Inner join: the matches and only the matches
The default. how="inner" is what you get if you don’t pass how at all.
customers.join(orders, on="customer_id", how="inner").show()
# +-----------+-------+-------+--------+------+
# |customer_id| name|country|order_id| total|
# +-----------+-------+-------+--------+------+
# | 1| Anna| IT| 1001| 59.00|
# | 1| Anna| IT| 1002| 29.00|
# | 2| Bjorn| NL| 1003|149.00|
# | 3| Chiara| IT| 1004| 89.50|
# +-----------+-------+-------+--------+------+
Diego (no orders) is gone. Order 1005 (no matching customer) is gone. Inner join is “rows that match on both sides, period.”
Note Anna shows up twice — she has two orders. Joins multiply. One row on the left can produce N rows on the right if there are N matches. This is the row-combinatoric thing again. Easy to forget when you’re writing fast.
Left (left_outer) join: keep everything from the left
customers.join(orders, on="customer_id", how="left").show()
# +-----------+-------+-------+--------+------+
# |customer_id| name|country|order_id| total|
# +-----------+-------+-------+--------+------+
# | 1| Anna| IT| 1001| 59.00|
# | 1| Anna| IT| 1002| 29.00|
# | 2| Bjorn| NL| 1003|149.00|
# | 3| Chiara| IT| 1004| 89.50|
# | 4| Diego| ES| null| null|
# +-----------+-------+-------+--------+------+
Diego is back, with null columns for everything from orders. how="left" and how="left_outer" are aliases — both work, both mean the same thing.
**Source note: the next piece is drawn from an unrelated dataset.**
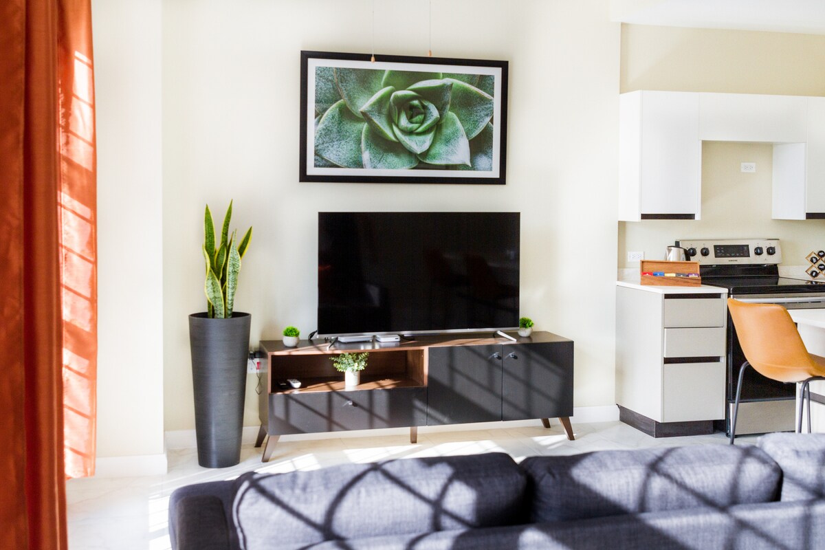 This bright and stylish centrally located 1-bedroom apartment is the perfect space for your stay. It’s Located within 8mins walking distance or 2mins drive to Starbucks, supermarket, pharmacy, and local restaurants. The contemporary living space has everything to make you feel at home Wi-Fi, local cable, Netflix, washer/dryer, ac units, king size bed, a well equipped kitchen and tableware. Have a glass of wine and enjoy the beautiful sunset on the balcony after a long day of work or play.

The “customers with no orders” question is a trivial filter on top of this:
(customers
.join(orders, on="customer_id", how="left")
.where(F.col("order_id").isNull())
.select("customer_id", "name", "country")
.show())
Right (right_outer) join: keep everything from the right
customers.join(orders, on="customer_id", how="right").show()
# +-----------+-------+-------+--------+------+
# |customer_id| name|country|order_id| total|
# +-----------+-------+-------+--------+------+
# | 1| Anna| IT| 1001| 59.00|
# | 1| Anna| IT| 1002| 29.00|
# | 2| Bjorn| NL| 1003|149.00|
# | 3| Chiara| IT| 1004| 89.50|
# | 99| null| null| 1005| 12.00|
# +-----------+-------+-------+--------+------+
Order 1005’s ghost customer comes through with nulls on the customer side. Right joins exist for completeness. In practice, nobody writes them — flip the operands and write a left join. A code reviewer will read customers.join(orders, ..., how="left") faster than the right-join version every time.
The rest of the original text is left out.